### What to do
Your answer must be an exact copy of the records below, minus any images.

(Collection entries)
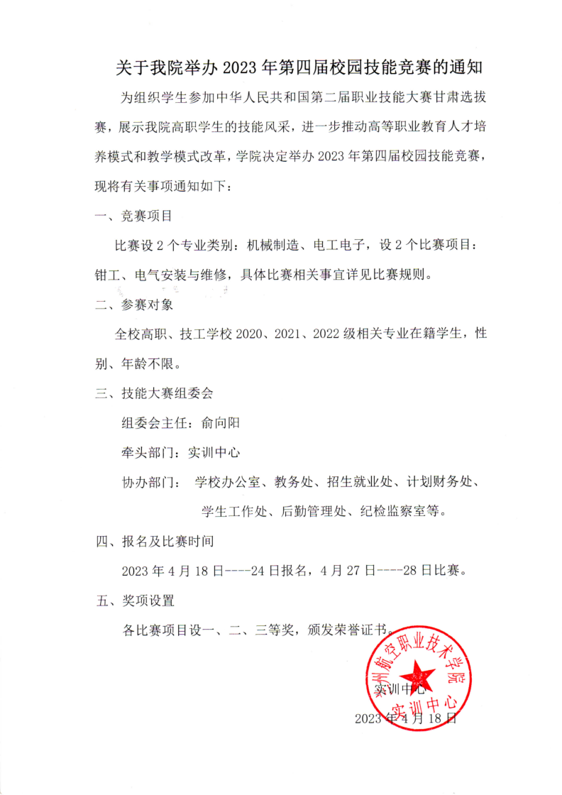 关于我院举办 2023 年第四届校园技能竞赛的通知
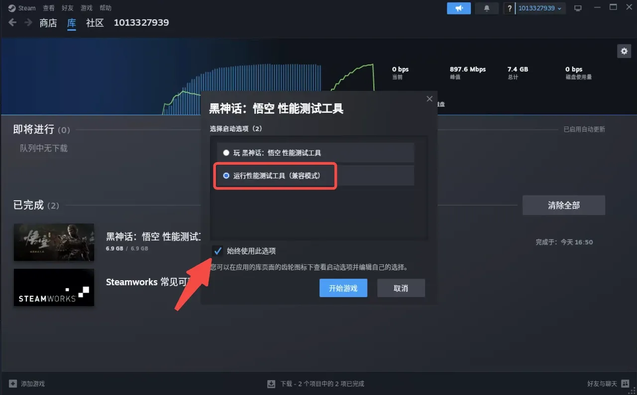 启动黑神话悟空时,请务必选择「兼容模式」,建议候选始终使用此选项。
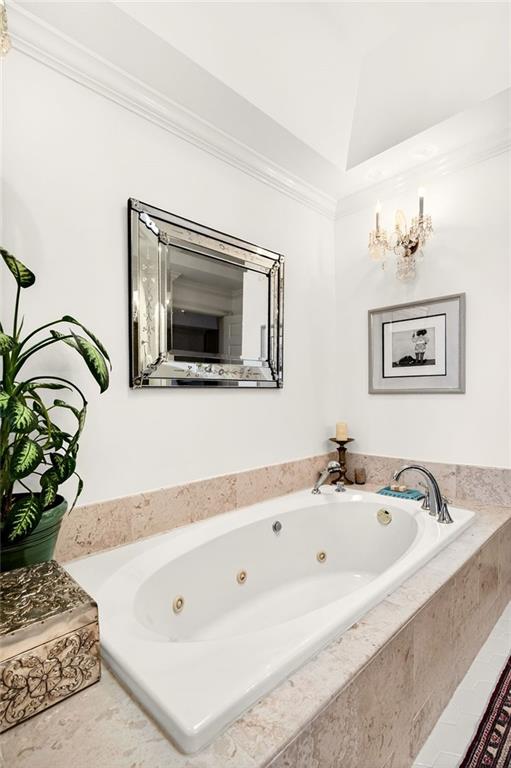 The upper level is dedicated to the owner's retreat, offering a spacious bedroom, sunlit sitting room, walk-in closet, and spa-inspired bath with dual vanities and a whirlpool tub. A secondary bedroom suite with a generous walk-in closet and an upstairs laundry room complete this level.
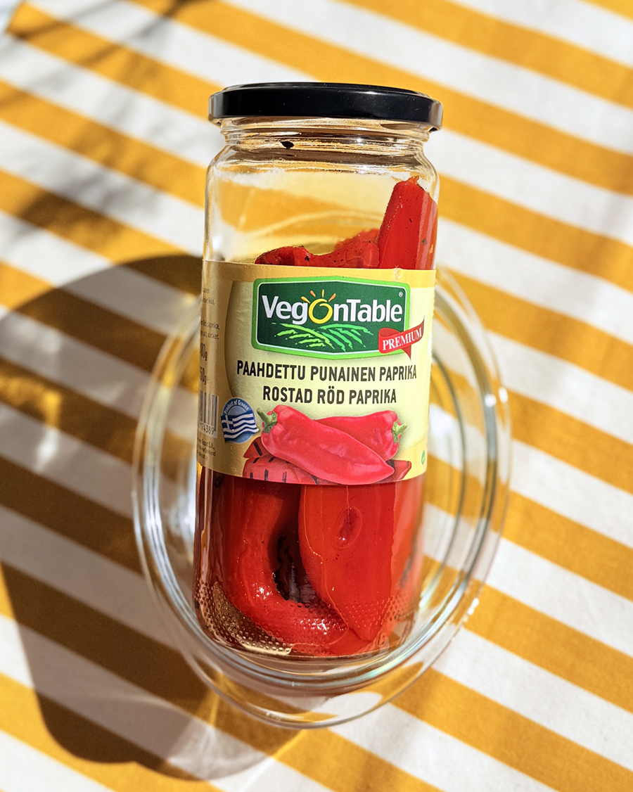 Paprikan ostan tyypillisesti valmiina säilykkeenä, se on jopa ihan edullinen, muut kasvikset paahdan itse. Bataatti on niin makeaa, että sitä käytän vain ihan pieniä määriä; jo pieni kourallinen paahdettuja bataattikuutioita tekee salaatista kunnon gourmet-version. 😋
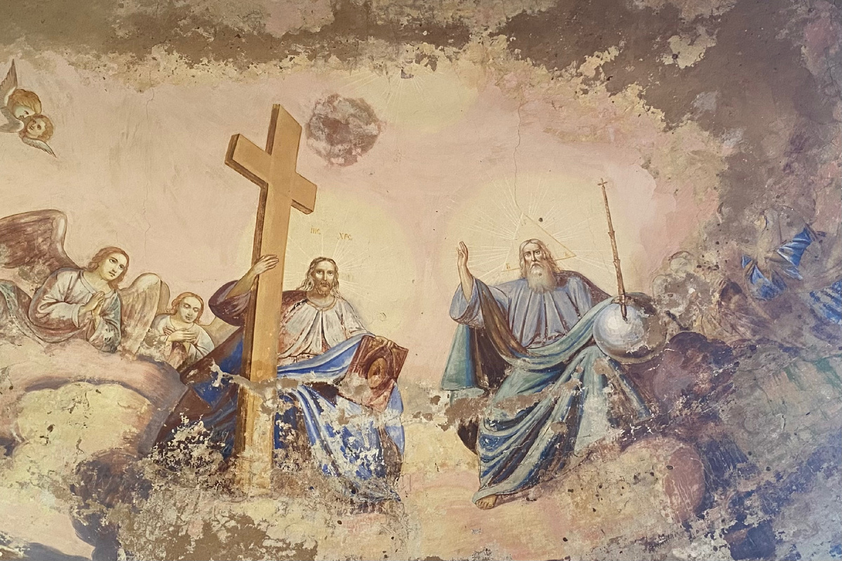 Настенные росписи Воскресенской церкви в с. Башарово К 2025 году остатки стен сохранили только одно изображение. Удивляющая четкостью прорисовки и ощущением новизны роспись купола алтаря совершенно не вписывается в общий фон разрухи. Стены трапезной почти утрачены, потолка нет вовсе, вместо пола земля, из которой, пробиваясь через обвалившиеся кирпичи, растут деревья и кусты. Продвигаясь сквозь них, как через лесную чащу, попадаешь в сам храм, сохранившийся чуть лучше, но также утративший изображения, некогда украшавшие его стены. Через несколько шагов арка алтарной стены перестает заслонять свод купола апсиды и взгляду открывается образ Троицы. На контрасте с общим запустением изображение кажется мистическим. Запретные фрески Троица написана по типу «Сопрестолие». Как и любое изображение Троицы (за исключением Ветхозаветной Троицы Рублева), роспись не считается канонической и официальной запрещена церковью, как и любое изображение Бога Отца. Однако этот факт, запротоколированный реше
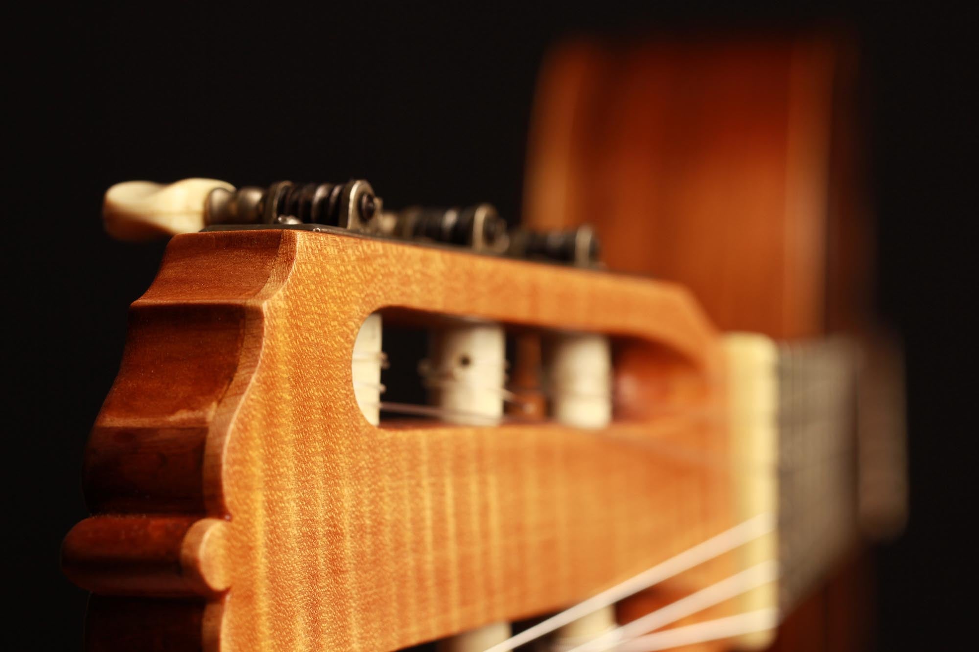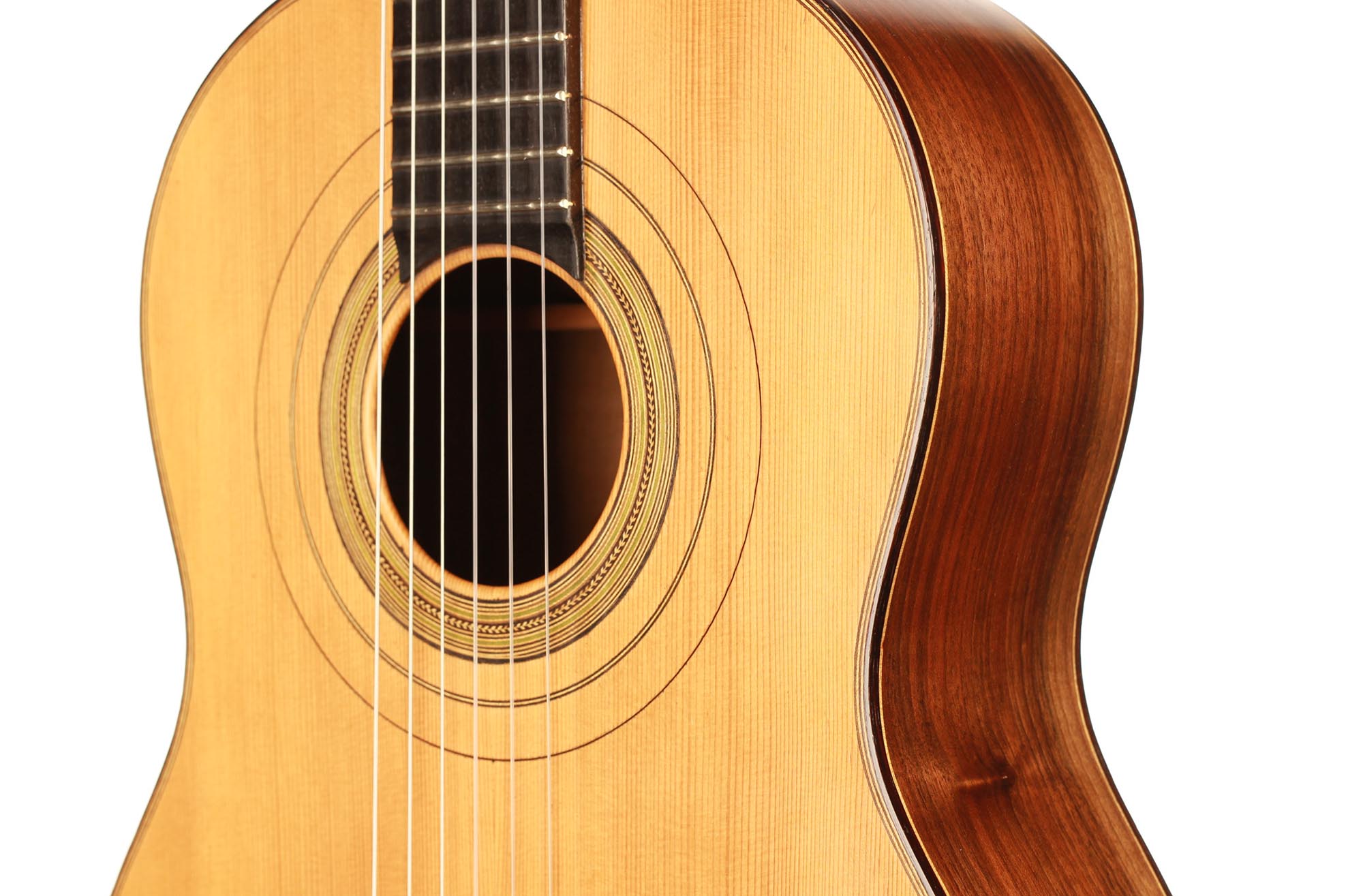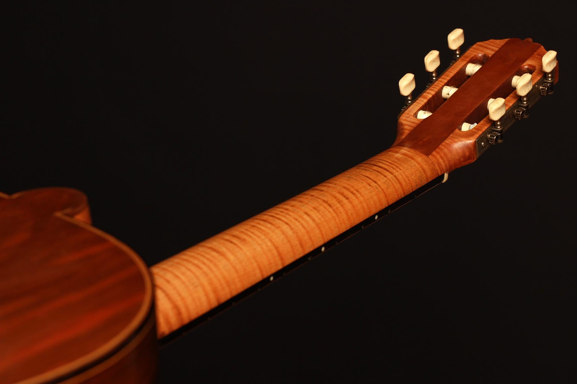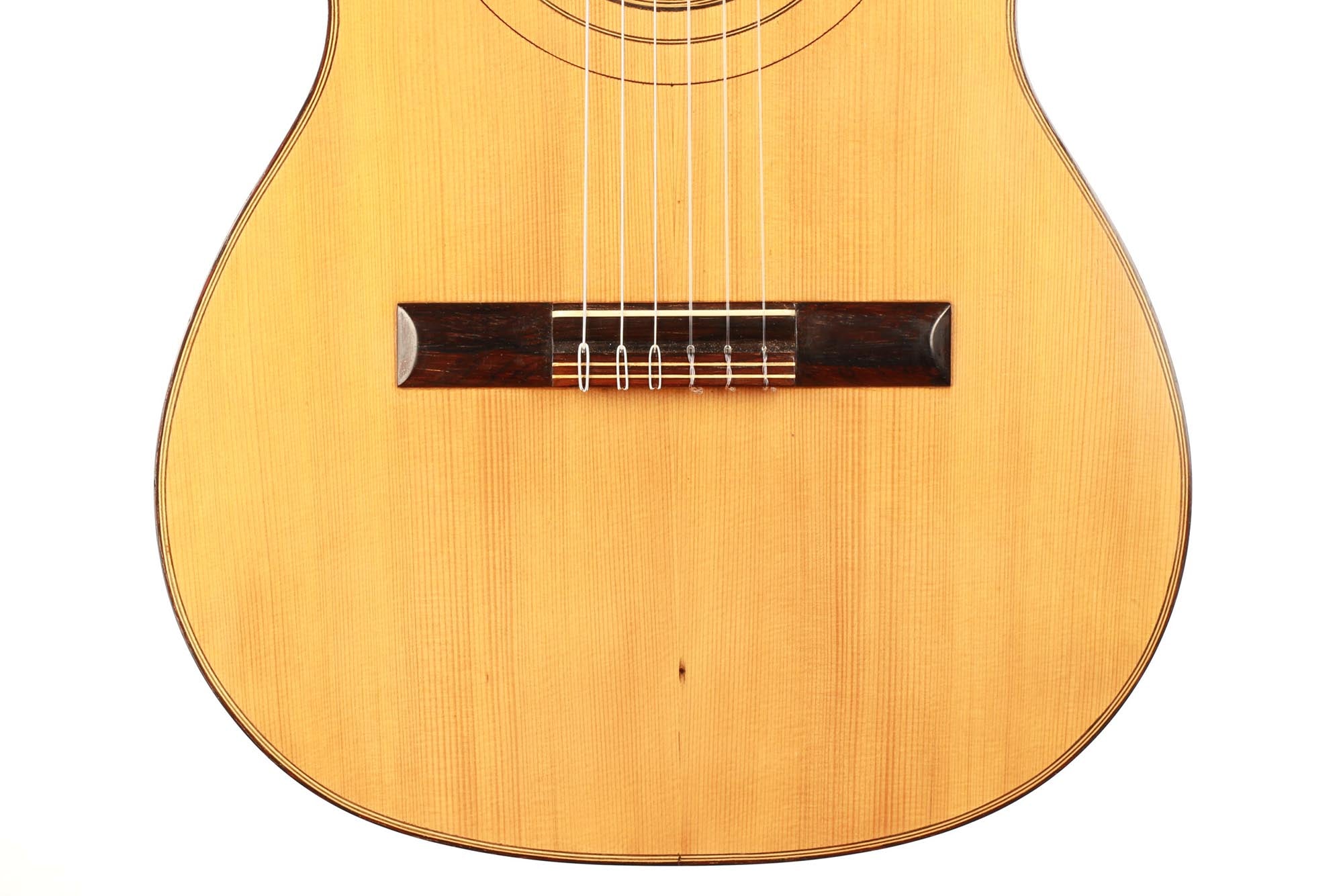 Dieses schöne Instrument aus dem Jahr 1954 ist in einem sehr guten Zustand ohne Risse und Reparaturen. Die für diese Gitarre gewählten Hölzer sind sehr interessant: Der einteilige Nussbaumboden und der Ahornhals waren zu dieser Zeit zwei seltene Merkmale. Außerdem erinnert uns der Ahornhals natürlich an Lecchis Geigenbauausbildung.

### Response to the task
 关于我院举办 2023 年第四届校园技能竞赛的通知
 启动黑神话悟空时,请务必选择「兼容模式」,建议候选始终使用此选项。
 The upper level is dedicated to the owner's retreat, offering a spacious bedroom, sunlit sitting room, walk-in closet, and spa-inspired bath with dual vanities and a whirlpool tub. A secondary bedroom suite with a generous walk-in closet and an upstairs laundry room complete this level.
 Paprikan ostan tyypillisesti valmiina säilykkeenä, se on jopa ihan edullinen, muut kasvikset paahdan itse. Bataatti on niin makeaa, että sitä käytän vain ihan pieniä määriä; jo pieni kourallinen paahdettuja bataattikuutioita tekee salaatista kunnon gourmet-version. 😋
 Настенные росписи Воскресенской церкви в с. Башарово К 2025 году остатки стен сохранили только одно изображение. Удивляющая четкостью прорисовки и ощущением новизны роспись купола алтаря совершенно не вписывается в общий фон разрухи. Стены трапезной почти утрачены, потолка нет вовсе, вместо пола земля, из которой, пробиваясь через обвалившиеся кирпичи, растут деревья и кусты. Продвигаясь сквозь них, как через лесную чащу, попадаешь в сам храм, сохранившийся чуть лучше, но также утративший изображения, некогда украшавшие его стены. Через несколько шагов арка алтарной стены перестает заслонять свод купола апсиды и взгляду открывается образ Троицы. На контрасте с общим запустением изображение кажется мистическим. Запретные фрески Троица написана по типу «Сопрестолие». Как и любое изображение Троицы (за исключением Ветхозаветной Троицы Рублева), роспись не считается канонической и официальной запрещена церковью, как и любое изображение Бога Отца. Однако этот факт, запротоколированный реше
 Dieses schöne Instrument aus dem Jahr 1954 ist in einem sehr guten Zustand ohne Risse und Reparaturen. Die für diese Gitarre gewählten Hölzer sind sehr interessant: Der einteilige Nussbaumboden und der Ahornhals waren zu dieser Zeit zwei seltene Merkmale. Außerdem erinnert uns der Ahornhals natürlich an Lecchis Geigenbauausbildung.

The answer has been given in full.